**AIM OF THE TASK:**
Write out word for word the lines from the one holding "Πλήθος κόσμου συγκεντρώθηκε" through the end of the data, and only those lines. Pictures stay out.

**DATASET SECTION:**

=======

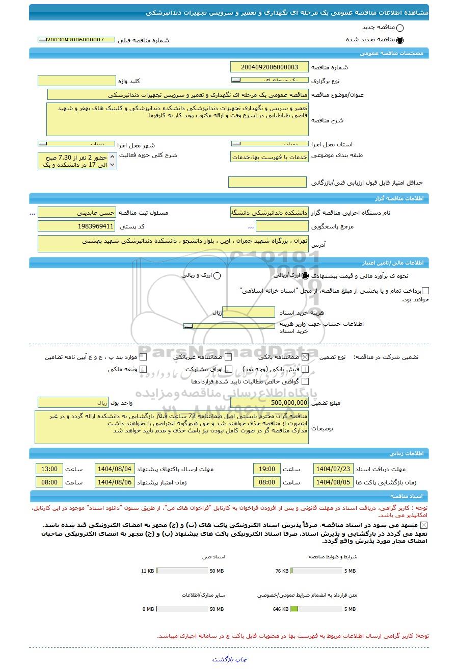 نام دستگاه اجرایی مناقصه گزاردانشکده دندانپزشکی دانشگاه علوم پزشکی شهید بهشتیمسئول ثبت مناقصهحسن عابدینی
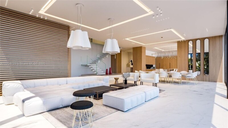 NEW BUILD ORGANIC MODERN WATERFRONT ESTATE IN THE HEART OF EASTERN SHORES! Modern Tropical Oasis in Light Natural Wood Encompassing 5 Bedrooms + 5 Baths + Powder Room in 5,796 Interior SF on 8,800 SF LOT with 80 FT of Waterfrontage. Enter into Open Floorplan with Calacatta Marble on Ground Floor. Enjoy Expansive Entertaining Spaces + Wine Cellar & Direct Water Views. Organic Wall Textures Throughout. Staircase Leads to Spacious Primary Suite Overlooking the Water. Custom Italian Kitchen Accented with Organic Light Wood with Oversized Island Countertop. Primary Bath with Hansgrohe & Duravit Fixtures + Rainshower. Deck Perfect for Entertaining with Heated Pool & Summer Kitchen. Minutes Away from Sunny Isles Beach, Aventura Mall, Dining & Oleta River State Park. Delivers Q2 of 2025.
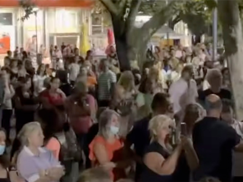 Πλήθος κόσμου συγκεντρώθηκε το βράδυ της Τετάρτης στην Κεντρική πλατεία της Λάρισας για να διαμαρτυρηθεί κατά του υποχρεωτικού εμβολιασμού.
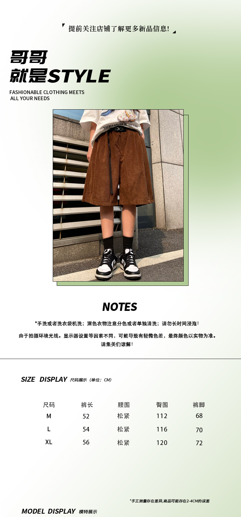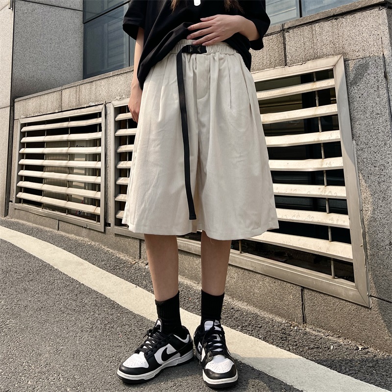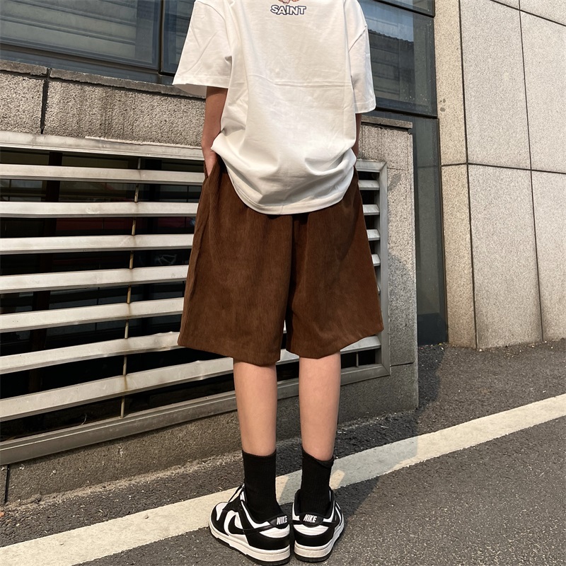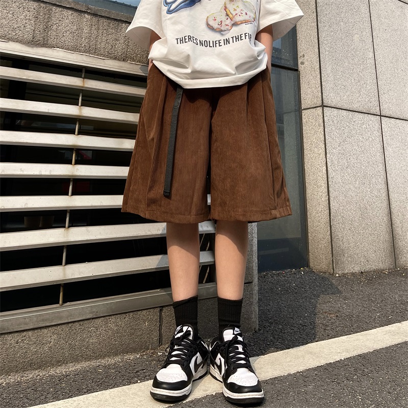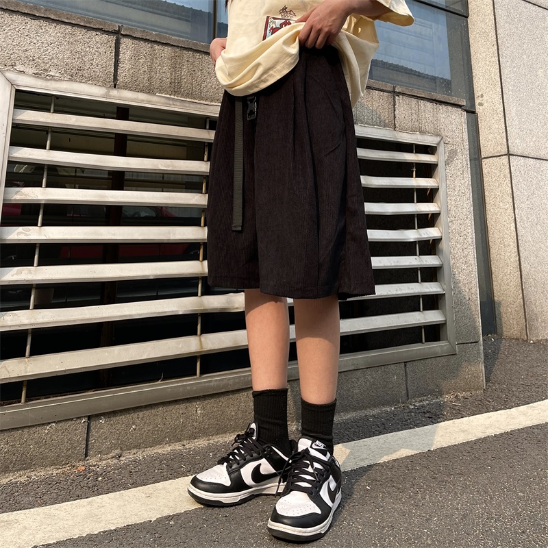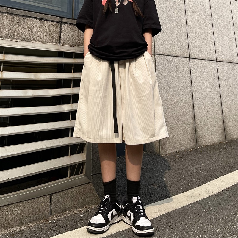 日系街頭短款休閒褲女夏季復古燈芯絨五分褲闊腿寬鬆百搭直筒短褲

=======

**TASK SOLUTION:**
 Πλήθος κόσμου συγκεντρώθηκε το βράδυ της Τετάρτης στην Κεντρική πλατεία της Λάρισας για να διαμαρτυρηθεί κατά του υποχρεωτικού εμβολιασμού.
 日系街頭短款休閒褲女夏季復古燈芯絨五分褲闊腿寬鬆百搭直筒短褲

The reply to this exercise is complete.